SUPPLIED MATERIAL —
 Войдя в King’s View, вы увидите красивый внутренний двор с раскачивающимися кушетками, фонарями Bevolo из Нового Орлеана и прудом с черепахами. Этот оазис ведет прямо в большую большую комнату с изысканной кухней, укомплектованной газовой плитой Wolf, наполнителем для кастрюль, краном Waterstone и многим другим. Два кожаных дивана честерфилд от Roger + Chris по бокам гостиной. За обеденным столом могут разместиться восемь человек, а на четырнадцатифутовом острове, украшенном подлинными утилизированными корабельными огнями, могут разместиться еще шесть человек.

---

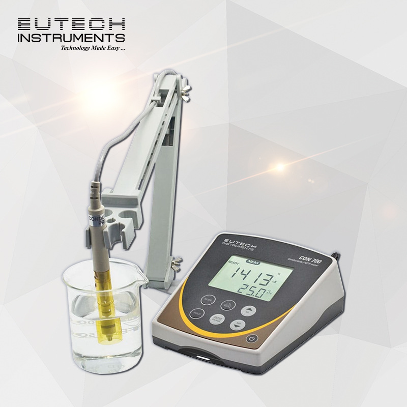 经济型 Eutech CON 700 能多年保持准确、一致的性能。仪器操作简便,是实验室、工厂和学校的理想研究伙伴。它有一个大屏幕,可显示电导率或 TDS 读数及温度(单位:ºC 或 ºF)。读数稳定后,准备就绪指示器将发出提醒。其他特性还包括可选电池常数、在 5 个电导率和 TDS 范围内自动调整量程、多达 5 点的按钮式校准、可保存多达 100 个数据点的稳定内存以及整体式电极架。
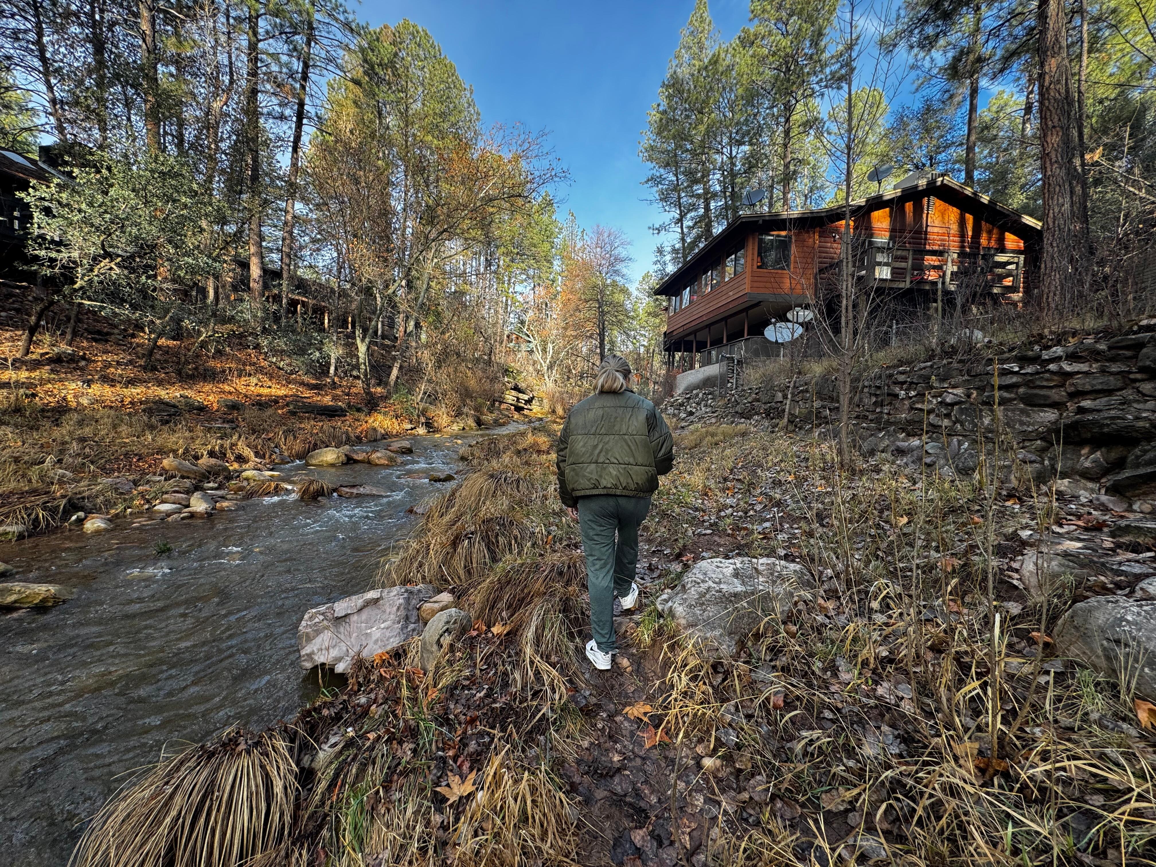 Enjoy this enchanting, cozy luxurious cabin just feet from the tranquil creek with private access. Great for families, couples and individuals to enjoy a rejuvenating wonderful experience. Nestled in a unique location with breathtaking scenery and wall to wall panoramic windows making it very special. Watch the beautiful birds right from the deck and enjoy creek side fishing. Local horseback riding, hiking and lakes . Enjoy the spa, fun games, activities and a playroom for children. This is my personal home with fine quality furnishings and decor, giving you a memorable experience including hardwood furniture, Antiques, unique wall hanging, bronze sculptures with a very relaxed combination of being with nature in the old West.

THE PROBLEM —
When copying from the data above, begin at the line containing "经济型 Eutech CON" and end at the line containing "Enjoy this enchanting, cozy"; return those lines exactly and leave all pictures behind.

OUTPUT FOR THIS TASK —
 经济型 Eutech CON 700 能多年保持准确、一致的性能。仪器操作简便,是实验室、工厂和学校的理想研究伙伴。它有一个大屏幕,可显示电导率或 TDS 读数及温度(单位:ºC 或 ºF)。读数稳定后,准备就绪指示器将发出提醒。其他特性还包括可选电池常数、在 5 个电导率和 TDS 范围内自动调整量程、多达 5 点的按钮式校准、可保存多达 100 个数据点的稳定内存以及整体式电极架。
 Enjoy this enchanting, cozy luxurious cabin just feet from the tranquil creek with private access. Great for families, couples and individuals to enjoy a rejuvenating wonderful experience. Nestled in a unique location with breathtaking scenery and wall to wall panoramic windows making it very special. Watch the beautiful birds right from the deck and enjoy creek side fishing. Local horseback riding, hiking and lakes . Enjoy the spa, fun games, activities and a playroom for children. This is my personal home with fine quality furnishings and decor, giving you a memorable experience including hardwood furniture, Antiques, unique wall hanging, bronze sculptures with a very relaxed combination of being with nature in the old West.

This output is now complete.